[Records from a data source]
·····
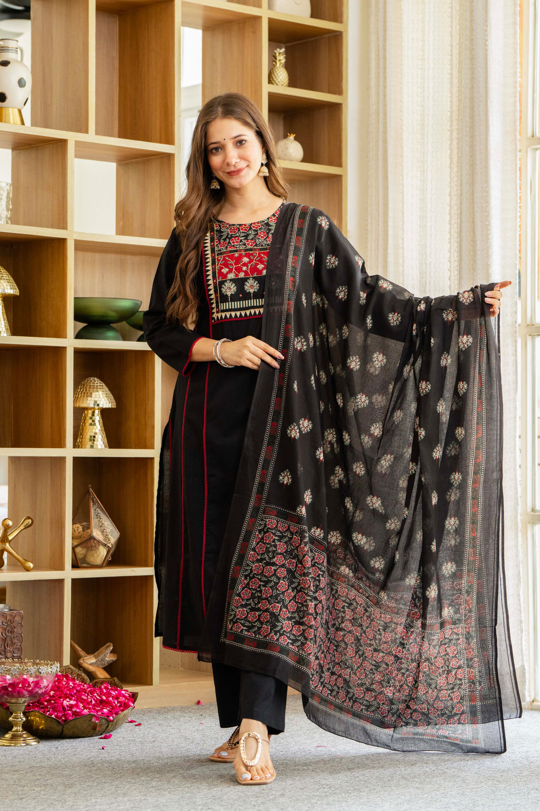 Embrace timeless elegance in this stunning solic black suit set, adorned with intricate printed yoke...
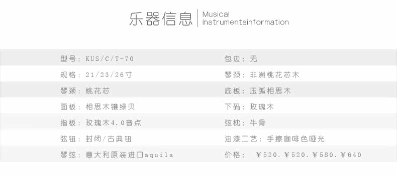 Kaka Ukulele 70 Series Acacia Hawaii Guitar
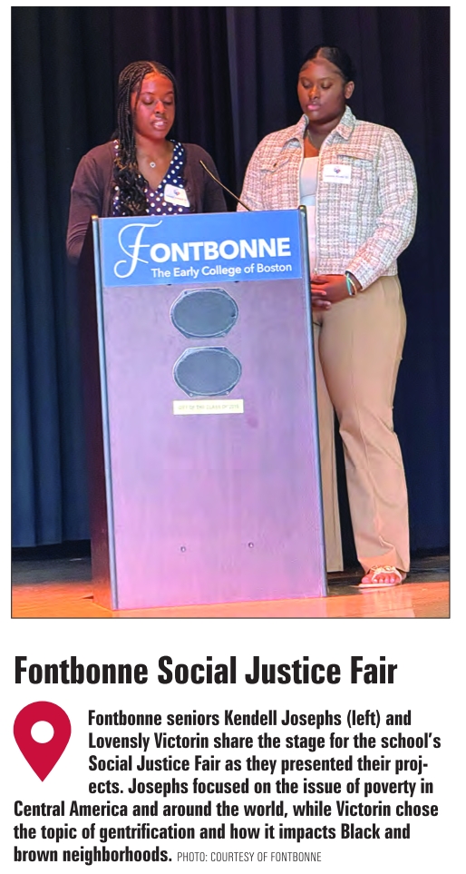 Fontbonne seniors Kendell Josephs (left) and Lovensly Victorin share the stage for the school’s Social Justice Fair as they presented their projects. Josephs focused on the issue of poverty in Central America and around the world, while Victorin chose the topic of gentrification and how it impacts Black and brown neighborhoods. PHOTO: COURTESY OF FONTBONNE
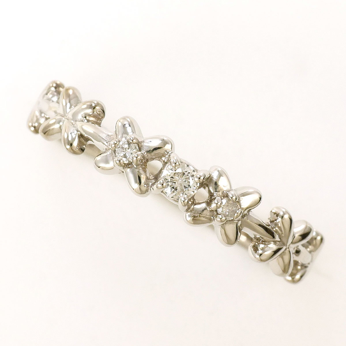 K18 18金 WG ホワイトゴールド リング・指輪 10.5号 ピンクダイヤ 0.05ct 総重量約1.6g 中古ジュエリー
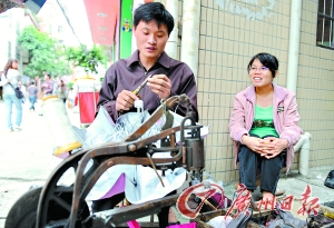 補鞋攤位與房子一街之隔,一張木凳,一臺機車,一個木制工具箱,這就是劉建文的謀生家當(dāng)。如今,年輕的夫婦倆每天坐在街上,妻子幫著拿東西,丈夫忙著修修補補,一雙鞋3元錢,一把雨傘2元錢!艾F(xiàn)在干這行的人多了,一天賺個40元已經(jīng)很不錯。”建文不無憂慮地表示,“房租230元,兩個人只有幾百元生活費,挺難的!
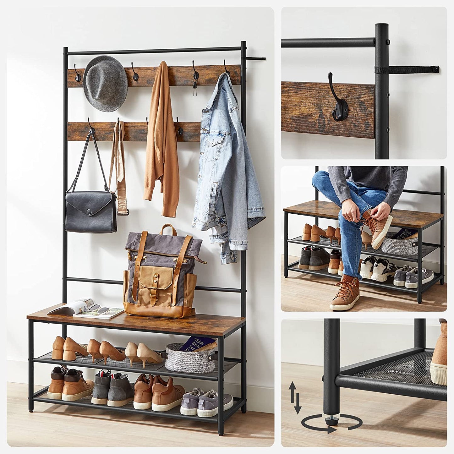 11 double hooks, 2 adjustable mesh shelves and a 100cm long bench - This rack is not only for storing your things you need at the entrance of the house, but also as a bench to sit on
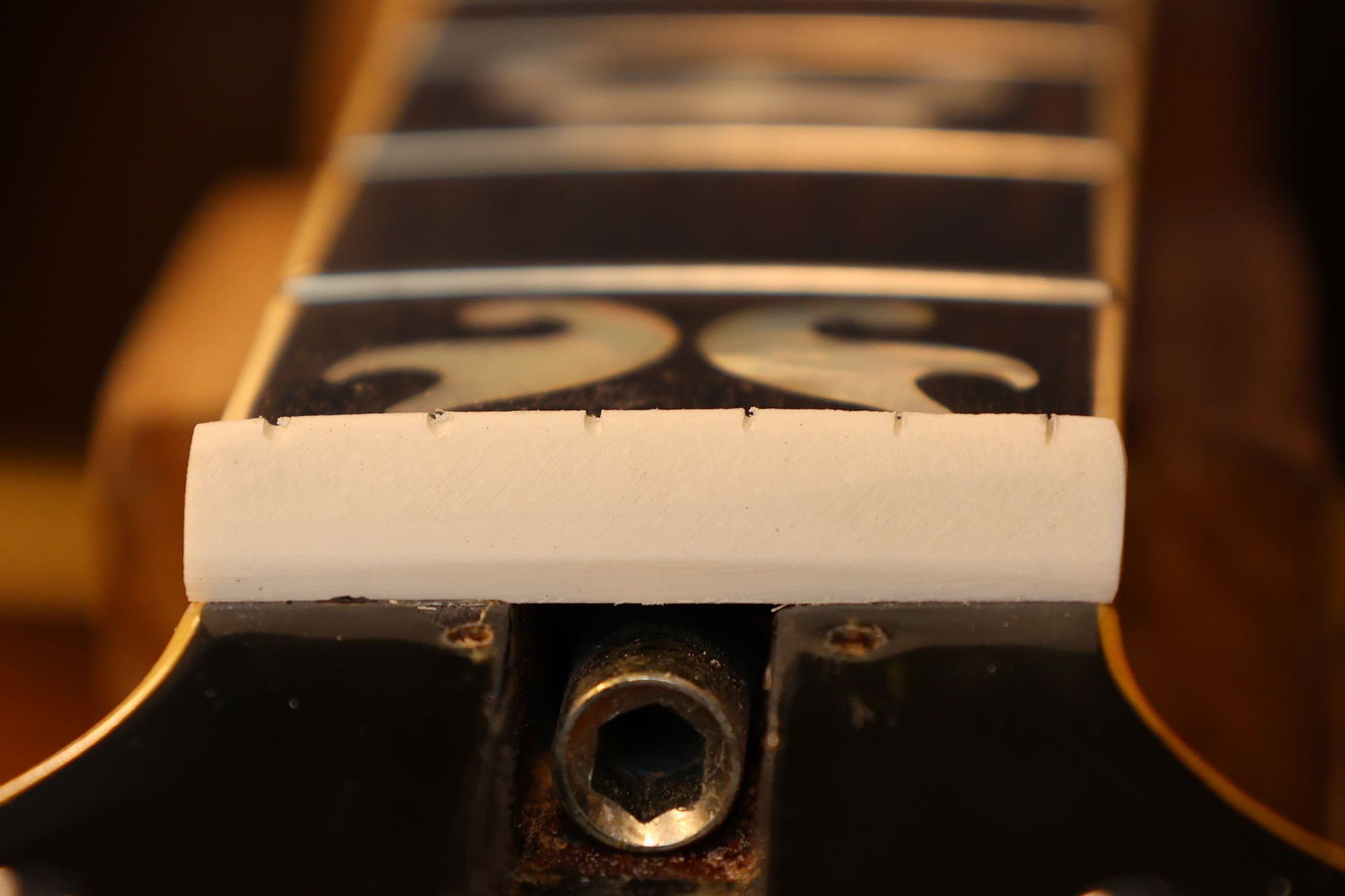 - 18.弦高調整前のナットです。
·····
» What the task asks
Before duplicating the entries above, strip out the pictures and keep the rest exact.

» Reply
 Embrace timeless elegance in this stunning solic black suit set, adorned with intricate printed yoke...
 Kaka Ukulele 70 Series Acacia Hawaii Guitar
 Fontbonne seniors Kendell Josephs (left) and Lovensly Victorin share the stage for the school’s Social Justice Fair as they presented their projects. Josephs focused on the issue of poverty in Central America and around the world, while Victorin chose the topic of gentrification and how it impacts Black and brown neighborhoods. PHOTO: COURTESY OF FONTBONNE
 K18 18金 WG ホワイトゴールド リング・指輪 10.5号 ピンクダイヤ 0.05ct 総重量約1.6g 中古ジュエリー
 補鞋攤位與房子一街之隔,一張木凳,一臺機車,一個木制工具箱,這就是劉建文的謀生家當(dāng)。如今,年輕的夫婦倆每天坐在街上,妻子幫著拿東西,丈夫忙著修修補補,一雙鞋3元錢,一把雨傘2元錢!艾F(xiàn)在干這行的人多了,一天賺個40元已經(jīng)很不錯。”建文不無憂慮地表示,“房租230元,兩個人只有幾百元生活費,挺難的!
 11 double hooks, 2 adjustable mesh shelves and a 100cm long bench - This rack is not only for storing your things you need at the entrance of the house, but also as a bench to sit on
 - 18.弦高調整前のナットです。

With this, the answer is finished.